EnterpriseDB/repmgr

"node check" incorrectly reports node is not attached to upstream while in state "catchup"

Opened this issue · 0 comments

repmgr 5.3.0, PostgreSQL 14.1, Ubuntu 18.04

I have one standby node attached to a primary. The standby fell behind during some heavy writing on the primary and I rebooted the standby.
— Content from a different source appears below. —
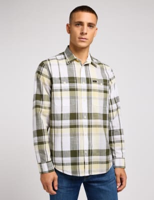 Lee Men's Pure Cotton Overshirt - M - Green, Green Best Price: £100.00 from Marks and Spencer Buy for best price Description This pure cotton overshirt from Lee is a versatile layering piece. It's cut in a relaxed fit for easy wear, with a neat collared neckline and a button-through front. Two patch pockets on the chest add a traditional workwear feel. Review This Product Related Products Lee Men's 2pk Pure Cotton Crew Neck T-Shirts - Multi, Multi,Black/White Best Price: £30.00 Compare prices Lee Men's Linen Rich Striped Shirt - M - Green, Green Best Price: £50.00 Compare prices Lee Men's Worker Pure Cotton Check Flannel Shirt - Dark Green, Dark Green Best Price: £70.00 Compare prices

After the reboot, the standby took some time to re-appear in pg_stat_replication, but eventually did re-appear there with state="catchup". During this time repmgr node check incorrectly reports that it is not attached to the upstream node at all:

# sudo -u postgres repmgr -f "/etc/postgresql/14/behavior/repmgr.conf" node check
WARNING: node "(MY_STANDBY_NODE)" attached in state "catchup"
Node "(MY_STANDBY_NODE)":
	Server role: OK (node is standby)
	Replication lag: CRITICAL (2095 seconds, critical threshold: 600))
	WAL archiving: OK (0 pending archive ready files)
	Upstream connection: CRITICAL (node "(MY_STANDBY_NODE)" (ID: 2) is not attached to expected upstream node "(MY_PRIMARY_NODE)" (ID: 1))
...

cluster show shows correct warnings, however:

# sudo -u postgres repmgr -f "/etc/postgresql/14/behavior/repmgr.conf" cluster show
WARNING: node "(MY_STANDBY_NODE)" attached in state "catchup"
...
WARNING: following issues were detected
  - node "(MY_STANDBY_NODE)" (ID: 2) attached to its upstream node "(MY_PRIMARY_NODE)" (ID: 1) in state "catchup"

I rebooted the standby twice and this happened both times. (The warning eventually disappears when pg_stat_replication.state changes from "catchup" to "streaming".)